*** Opening of THE DATA ***
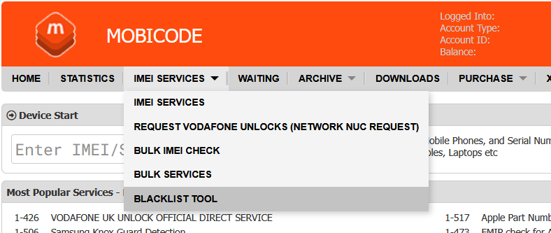 1. In the web portal, navigate to IMEI SERVICES and then click on BLACKLIST TOOL.
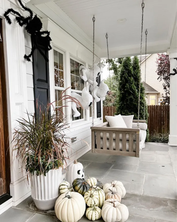 Soft white pumpkins and floating ghost décor give this porch a whimsical Halloween style. The porch swing and fall planters keep it feeling cozy and inviting, while the playful decorations create a lighthearted spooky mood. It’s a great option if you want festive Halloween fun that won’t scare younger kids.
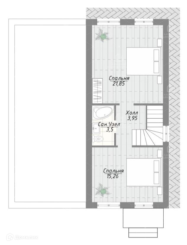 - 3 ИЗОЛИРОВАННЫХ спальных комнаты (8,41/15,26/21,85 м²): одна на 1-ом этаже и две на 2-ом этаже
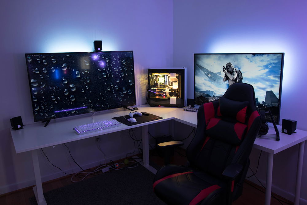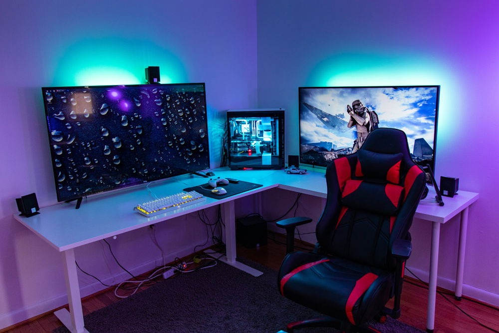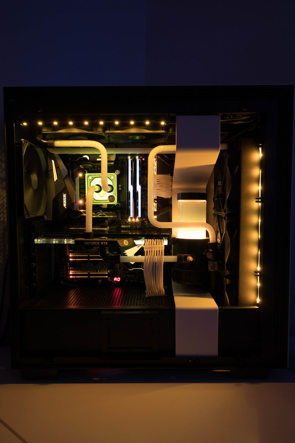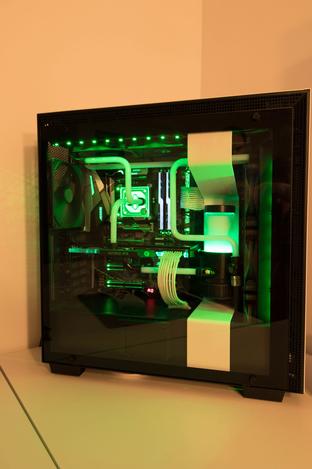 Been working on this for quite a while. 8086k 5.1ghz at 1.3 volts. Temps are 27c on gpu and cpu idle. GPU is 50c after gaming for about 35 min and settles in at 2085mhz. Cpu will hit 71c under high avx but only 55c gaming. Went from NZXT AIO to custom loop. Been using NZXT for about 10 years now and love their products. Pictured is the rig and my setup. Yes, I use 55in 4k TVs for my monitors but I still get 60hz and these do not have much lag. I would rather have the screen space and thats ok with me. Speakers are creative labs 5.1 that were purchased in 2003 and still rock it for my setup. Turtle beach 7.1 headset.
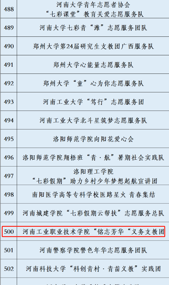 机械工程学院团总支积极响应,招募志愿者成立“铭志芳华”义务支教团,以青年志愿服务队的方式组织申报。截止5月20日,全国4500多支志愿服务团队提交了申报材料,承办方对所有材料进行了认真审核,遴选了1000支团队作为2022年“七彩假期”志愿服务示范团队,“铭志芳华”义务支教团成功入选,是河南省国家“双高计划”建设单位唯一入选的学校团队。
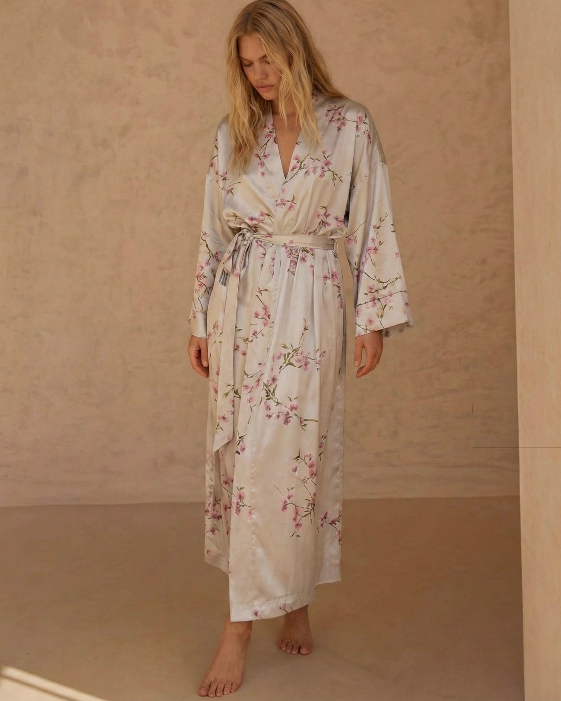 Blossom Satin Kimono — a lightweight, fluid piece designed to elevate your summer rituals. Crafted from natural viscose and enhanced with a touch of polyester for lasting wear, this kimono drapes beautifully on the body while remaining breathable and soft to the touch.
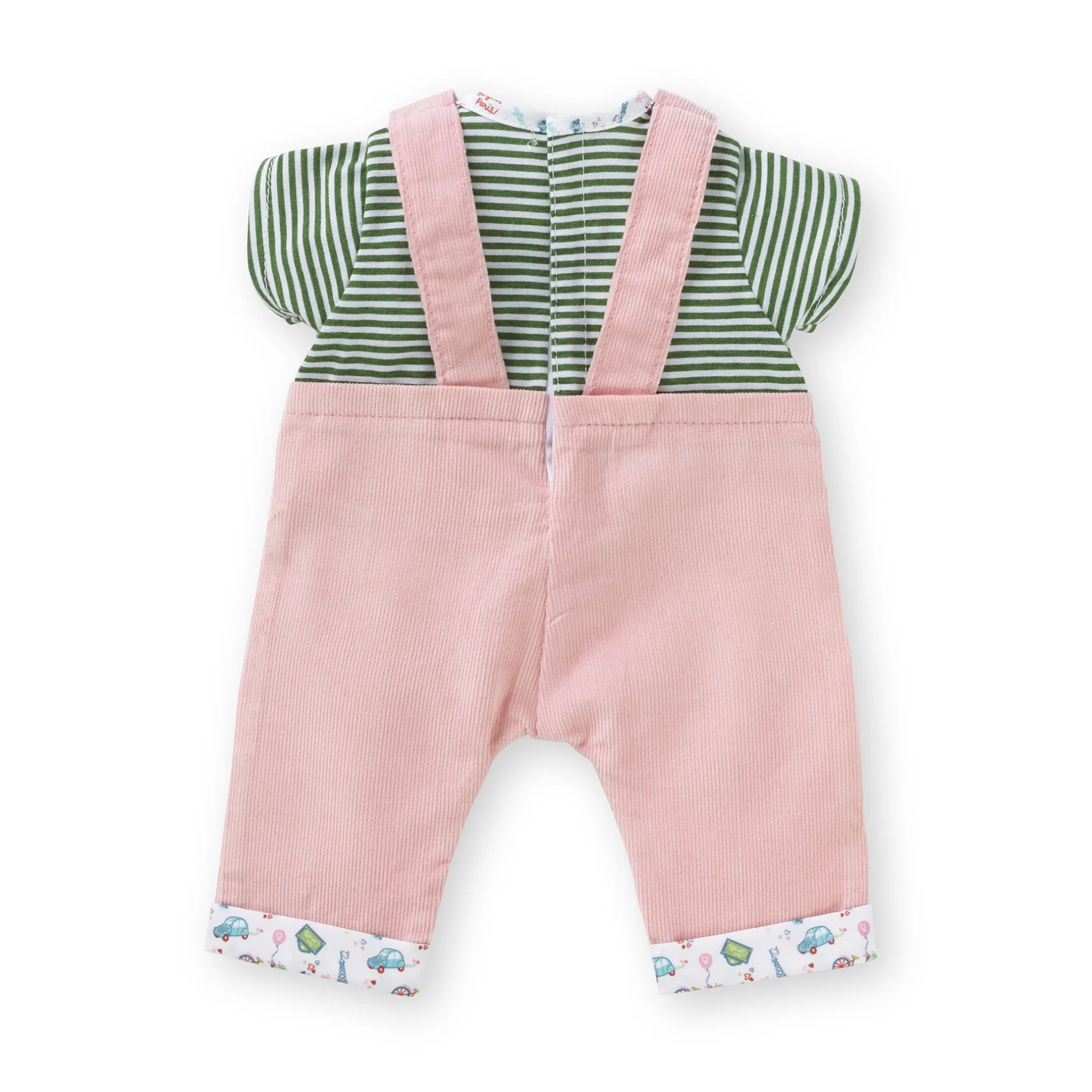 Cet ensemble « tout-en-un » se compose d’une salopette en velours côtelé rose et d’un t-shirt rayé vert et blanc.
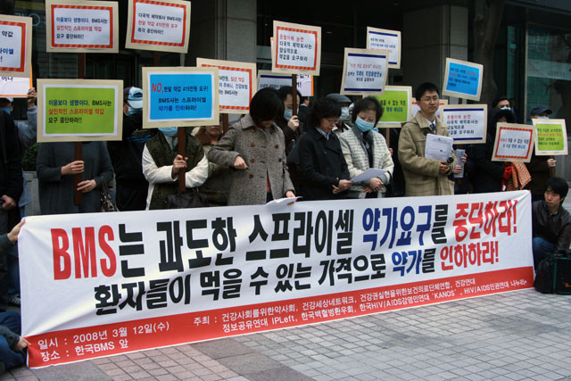 물론 BMS로 대표되는 다국적제약회사들이 협박하는 것이 단지 정부만은 아니다. 약값을 높게 쳐주지 않으면 더 이상 신약 개발을 하지 못하게 될 것이라며 아픈 환자들을 상대로 위협의 수위를 점점 높여가고 있다. 그러나 제약회사들이 환자들의 피 같은 돈을 착취해서 퍼붓는 곳은 생명을 살리는 신약을 개발하는 연구실이 아니다. 제약회사들이 만들어낸 약 중에서 이전 약보다 효과가 좋은 약은 단지 15%에 불과하고 나머지 85%는 이전 약과 비슷하거나 오히려 효과가 떨어지는 약들이다. 이처럼 쓸모없는 약들을 블록버스터로 만들기 위해 광고, 판촉에 수십조원을 쏟아붓고 그 돈을 환자들에게 달라고 요구하고 있는 것이다. BMS만 하더라도 마케팅에 쏟아부은 금액이 53억달러(5조원 가량)로 R&D 투자비용 23억달러(2조억 가량)에 비해 2배가 넘는다 (2002년기준).
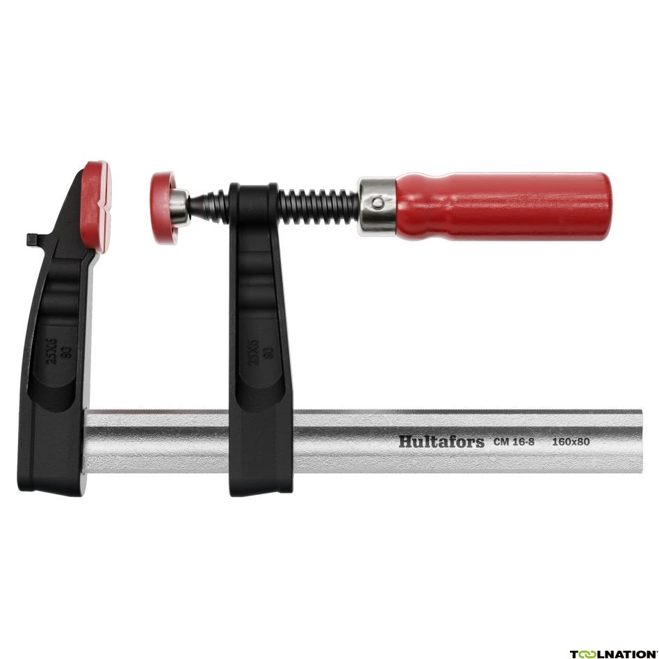 Sterke Hultafors lijmklem met een bek van impactbestendig gietijzer en een houten handvat. De geleider met profiel is voorzien van een nikkel hardverchromen deklaag en heeft aan weerszijden groeven om verschuiven na fixatie te voorkomen. Lijmklem CM heeft een sterke vlakke schroefdraad met kantelende drukplaat en plastic beschermkappen.
*** Close of THE DATA ***
EXERCISE REQUIREMENTS: Each entry should be output word for word, with no pictures carried over.

SOLUTION:
 1. In the web portal, navigate to IMEI SERVICES and then click on BLACKLIST TOOL.
 Soft white pumpkins and floating ghost décor give this porch a whimsical Halloween style. The porch swing and fall planters keep it feeling cozy and inviting, while the playful decorations create a lighthearted spooky mood. It’s a great option if you want festive Halloween fun that won’t scare younger kids.
 - 3 ИЗОЛИРОВАННЫХ спальных комнаты (8,41/15,26/21,85 м²): одна на 1-ом этаже и две на 2-ом этаже
 Been working on this for quite a while. 8086k 5.1ghz at 1.3 volts. Temps are 27c on gpu and cpu idle. GPU is 50c after gaming for about 35 min and settles in at 2085mhz. Cpu will hit 71c under high avx but only 55c gaming. Went from NZXT AIO to custom loop. Been using NZXT for about 10 years now and love their products. Pictured is the rig and my setup. Yes, I use 55in 4k TVs for my monitors but I still get 60hz and these do not have much lag. I would rather have the screen space and thats ok with me. Speakers are creative labs 5.1 that were purchased in 2003 and still rock it for my setup. Turtle beach 7.1 headset.
 机械工程学院团总支积极响应,招募志愿者成立“铭志芳华”义务支教团,以青年志愿服务队的方式组织申报。截止5月20日,全国4500多支志愿服务团队提交了申报材料,承办方对所有材料进行了认真审核,遴选了1000支团队作为2022年“七彩假期”志愿服务示范团队,“铭志芳华”义务支教团成功入选,是河南省国家“双高计划”建设单位唯一入选的学校团队。
 Blossom Satin Kimono — a lightweight, fluid piece designed to elevate your summer rituals. Crafted from natural viscose and enhanced with a touch of polyester for lasting wear, this kimono drapes beautifully on the body while remaining breathable and soft to the touch.
 Cet ensemble « tout-en-un » se compose d’une salopette en velours côtelé rose et d’un t-shirt rayé vert et blanc.
 물론 BMS로 대표되는 다국적제약회사들이 협박하는 것이 단지 정부만은 아니다. 약값을 높게 쳐주지 않으면 더 이상 신약 개발을 하지 못하게 될 것이라며 아픈 환자들을 상대로 위협의 수위를 점점 높여가고 있다. 그러나 제약회사들이 환자들의 피 같은 돈을 착취해서 퍼붓는 곳은 생명을 살리는 신약을 개발하는 연구실이 아니다. 제약회사들이 만들어낸 약 중에서 이전 약보다 효과가 좋은 약은 단지 15%에 불과하고 나머지 85%는 이전 약과 비슷하거나 오히려 효과가 떨어지는 약들이다. 이처럼 쓸모없는 약들을 블록버스터로 만들기 위해 광고, 판촉에 수십조원을 쏟아붓고 그 돈을 환자들에게 달라고 요구하고 있는 것이다. BMS만 하더라도 마케팅에 쏟아부은 금액이 53억달러(5조원 가량)로 R&D 투자비용 23억달러(2조억 가량)에 비해 2배가 넘는다 (2002년기준).
 Sterke Hultafors lijmklem met een bek van impactbestendig gietijzer en een houten handvat. De geleider met profiel is voorzien van een nikkel hardverchromen deklaag en heeft aan weerszijden groeven om verschuiven na fixatie te voorkomen. Lijmklem CM heeft een sterke vlakke schroefdraad met kantelende drukplaat en plastic beschermkappen.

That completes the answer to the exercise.